Writing in 1827, Sir Andrew Halliday[155] says, "The evidence taken before Mr. Rose's Committee, which sat for more than one session, must be fresh in the recollection of every one of my readers.... He was at great pains to prepare a Bill which, in the opinion of all who had heard the evidence, and had taken a disinterested part in the investigation, was well calculated to remedy every evil either ascertained or anticipated. The subject was dispassionately canvassed in the Lower House, and the Bill passed by the Commons, almost unanimously, three or four several times; but it was uniformly rejected by the Lords, and after Mr. Rose's death it got into Chancery, and there it has slept for the last nine years. I do not mean this remark in any manner as a jest; for, literally and truly, the late Lord Chancellor [Lord Eldon] took the whole matter upon his own shoulders, and promised to prepare a measure more suited to the exigencies of the sufferers than any that the collected wisdom of the Commons of England, in Parliament assembled, could think or devise.... The House of Commons has again taken up the matter, and I trust they will not abandon it, even though they should be opposed, until some provision is made against the recurrence of those evils, very trifling in comparison of former times, which during their last short inquiry were found still to exist." Sir A. Halliday points out that, although twenty years had elapsed since Mr. Wynn's Act passed (having received subsequently several amendments), asylums had only been opened in the counties of York (Wakefield, 1818), Lancaster (1816), Nottingham (1812), Norfolk (1814), Stafford (1818), Bedford (1812), Gloucester (1823), Lincoln (1820), and Cornwall (1820)—nine out of the fifty-two counties of England and Wales. Suffolk had just finished its building, as had Chester a short time before. Only at that very time had the magistrates of Middlesex, after two years' deliberation, announced that a county asylum was necessary, although it had been proved by Lord R. Seymour that 873 persons were suffering neglect and cruel treatment for want of it!

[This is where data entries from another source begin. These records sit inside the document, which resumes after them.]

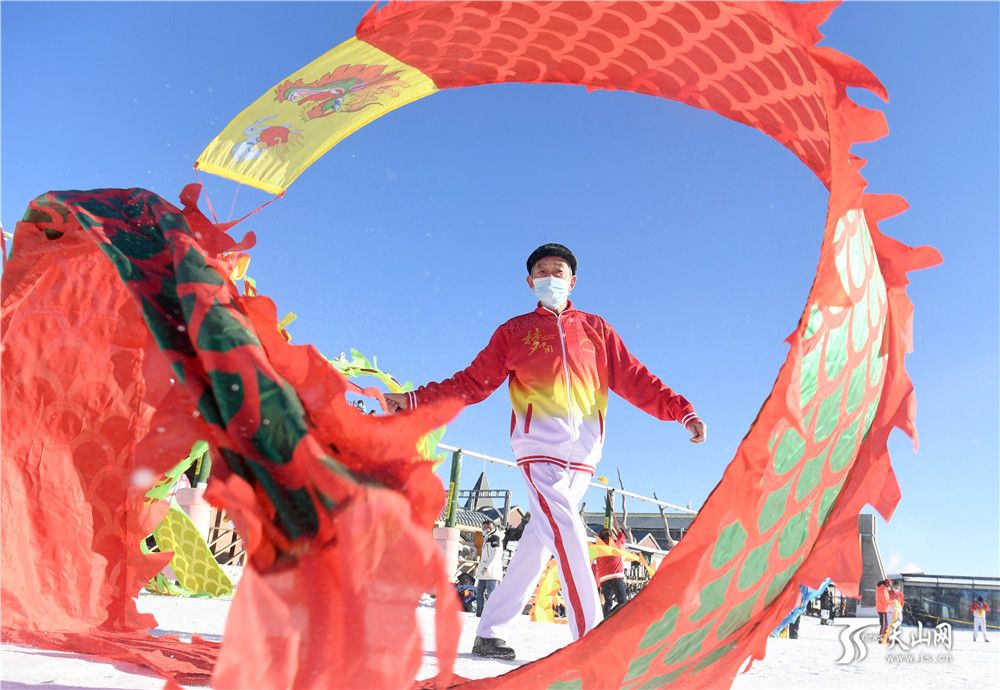 12月3日,烏魯木齊市民在絲綢之路冰雪風(fēng)情節(jié)上舞龍。
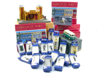 NOREV (FRANCE) Ensemble de 5 façades, une moto, un utilitaire, une station-service, 14 personnages & 6 accessoires
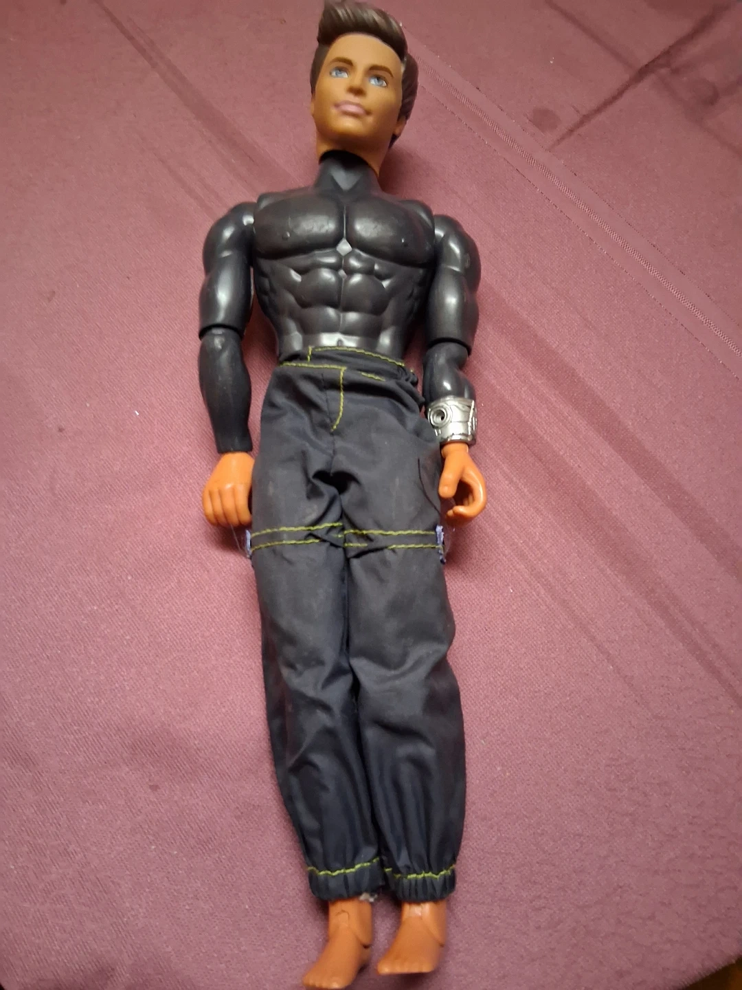 This is a male action figure doll with a muscular physique. It's wearing a black outfit with dark pants. The doll has brown hair and blue eyes. The articulated limbs allow for various poses.
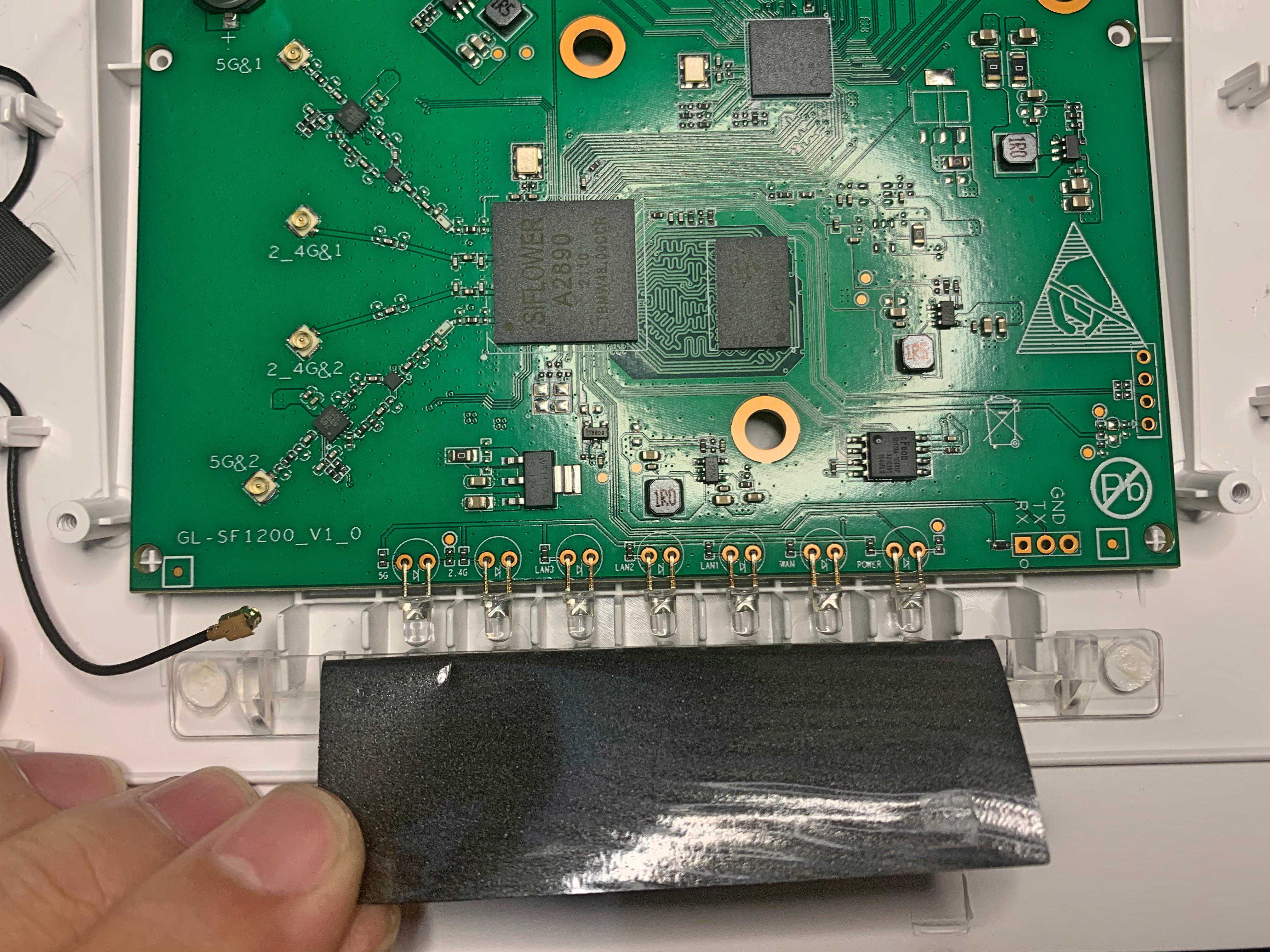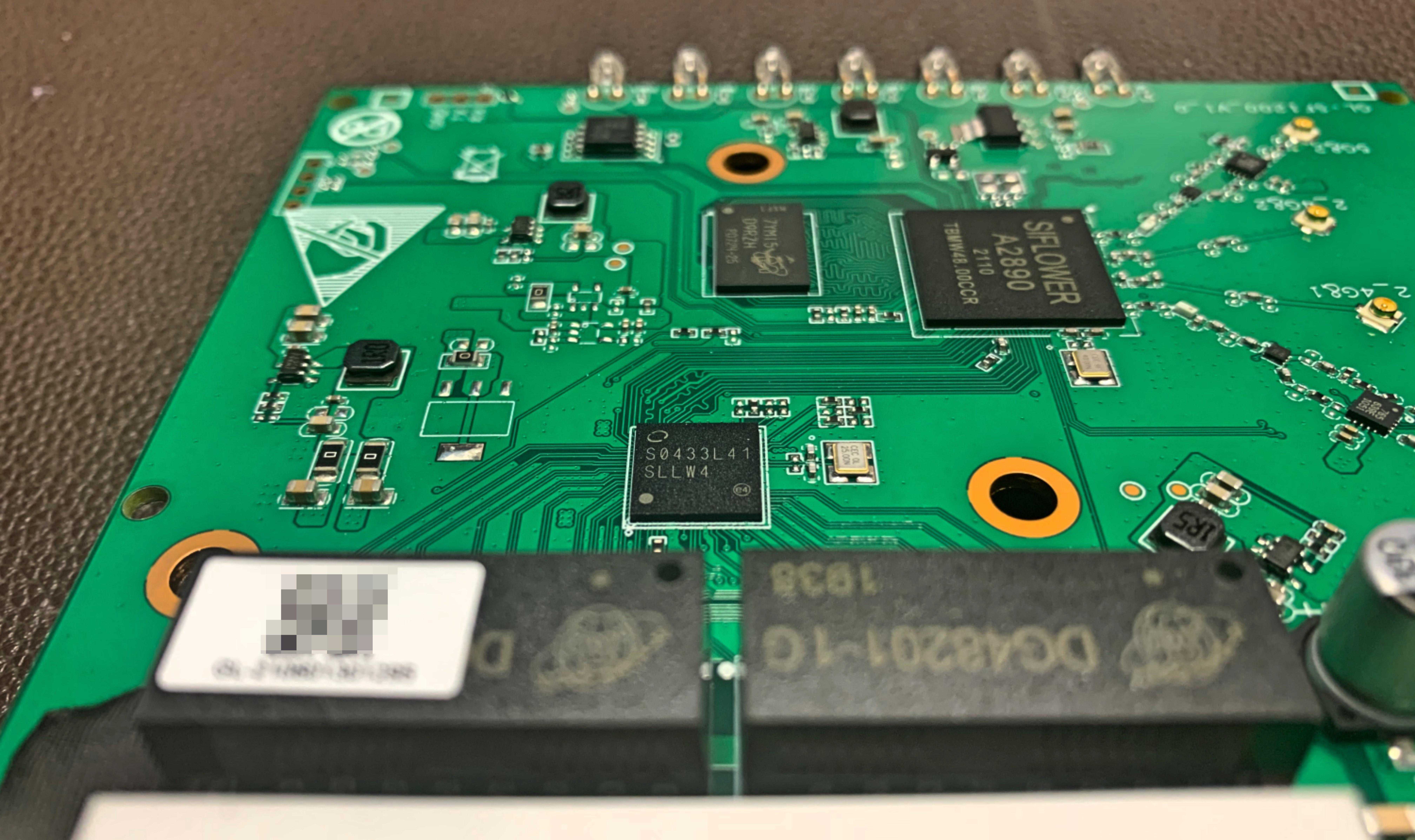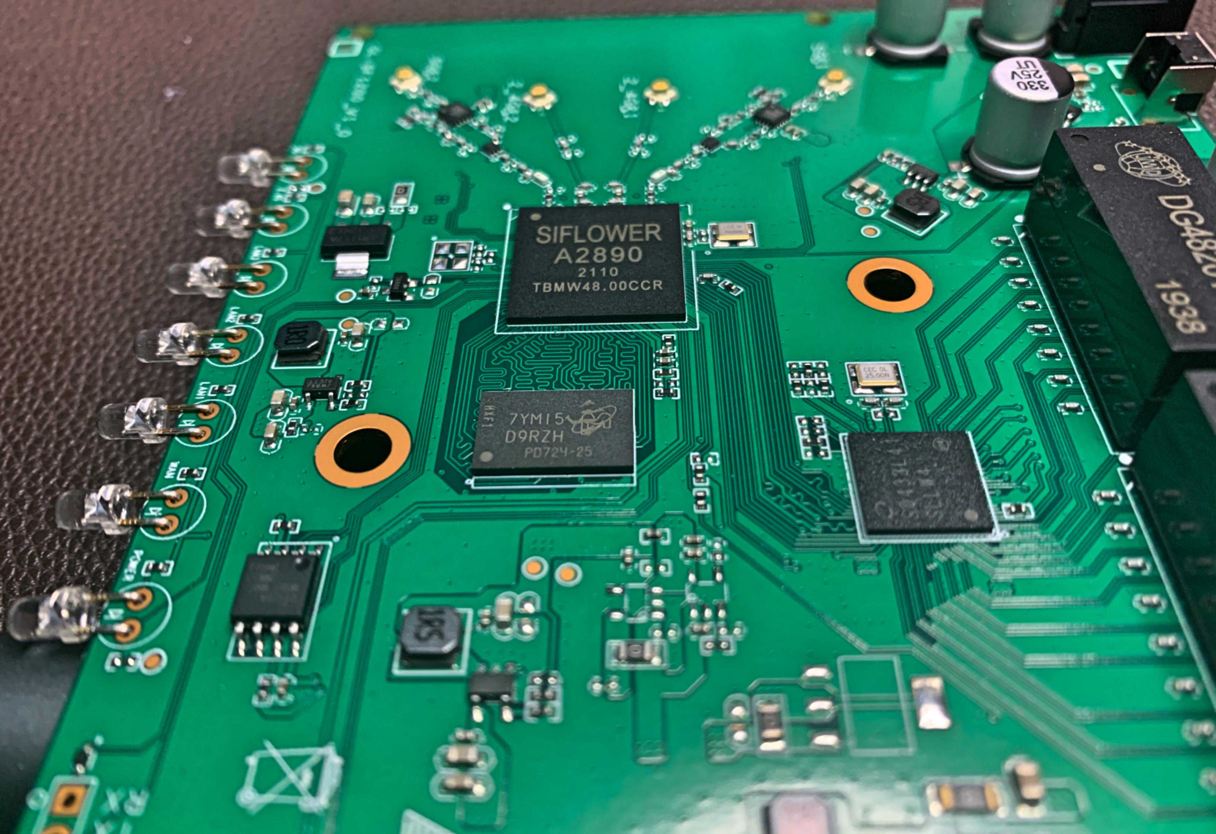 稍微看看芯片吧,最顶上标A2890的就是矽昌SF19A2890了,正下方是镁光128M内存,右下方应该是一颗交换机芯片。

Returns ordered by Parliament in 1826 show that there were 1321 persons in private asylums, exclusive of those in London and within a radius of seven miles; 1147 in public asylums, exclusive of those in St. Luke's and Bethlem; and 53 in public jails; giving a total of 2521 for the several counties of England and Wales. Those in private asylums in and near London being estimated at 1761, and the asylums of St. Luke's and Bethlem at 500, the gross total for England and Wales was 4782. Sir Andrew Halliday did not hesitate to assert, after very careful inquiry, that the number actually in confinement, not only in the asylums, but with relations and keepers, exceeded 8000. He thought there were very few in Wales, or in "the Celtic tribes in other portions of the empire."[156]